(Provided entries)

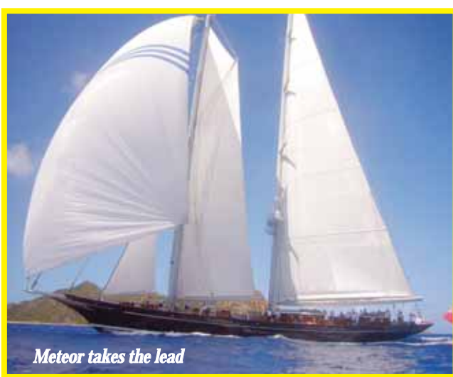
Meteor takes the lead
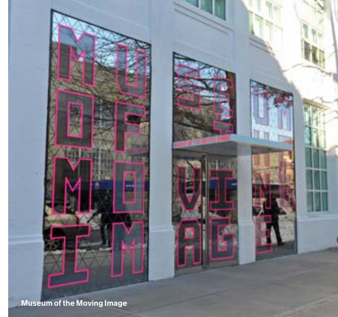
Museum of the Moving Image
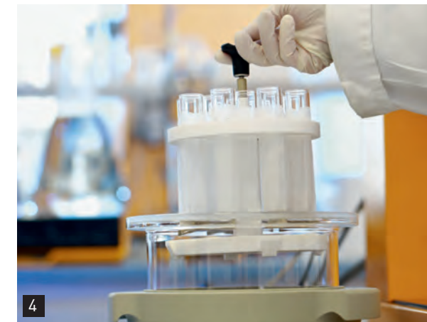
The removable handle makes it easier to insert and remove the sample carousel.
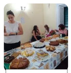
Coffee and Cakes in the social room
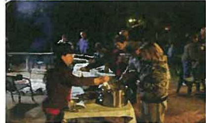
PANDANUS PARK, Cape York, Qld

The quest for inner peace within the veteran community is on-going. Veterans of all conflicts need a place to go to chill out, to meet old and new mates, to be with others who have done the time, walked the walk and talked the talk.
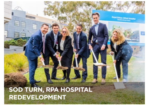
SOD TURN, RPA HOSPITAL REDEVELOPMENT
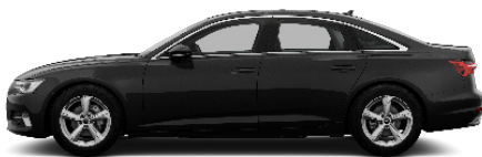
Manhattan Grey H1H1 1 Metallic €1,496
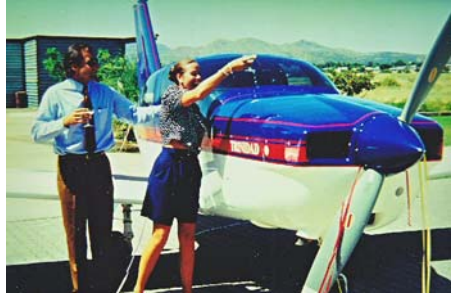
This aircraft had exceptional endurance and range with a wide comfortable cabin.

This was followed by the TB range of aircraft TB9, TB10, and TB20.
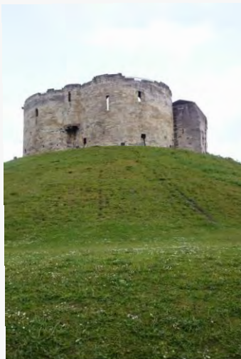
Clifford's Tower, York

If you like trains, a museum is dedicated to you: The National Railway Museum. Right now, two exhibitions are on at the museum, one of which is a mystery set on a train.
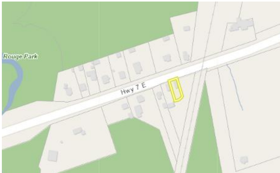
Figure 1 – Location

(End Provided entries)
(Provided entries)

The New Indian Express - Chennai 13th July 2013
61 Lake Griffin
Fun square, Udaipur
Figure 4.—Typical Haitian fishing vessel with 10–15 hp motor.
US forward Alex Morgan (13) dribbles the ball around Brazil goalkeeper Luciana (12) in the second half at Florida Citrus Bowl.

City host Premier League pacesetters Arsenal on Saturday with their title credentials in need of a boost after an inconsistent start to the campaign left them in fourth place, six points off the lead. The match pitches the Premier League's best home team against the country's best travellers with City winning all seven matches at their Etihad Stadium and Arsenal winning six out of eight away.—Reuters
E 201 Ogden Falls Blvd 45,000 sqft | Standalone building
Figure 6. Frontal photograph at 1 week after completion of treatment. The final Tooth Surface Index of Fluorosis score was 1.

(End Provided entries)

[Requirement]
Each line from the material above that mentions the word "aircraft" needs to be copied.

[Reply]
This aircraft had exceptional endurance and range with a wide comfortable cabin.
This was followed by the TB range of aircraft TB9, TB10, and TB20.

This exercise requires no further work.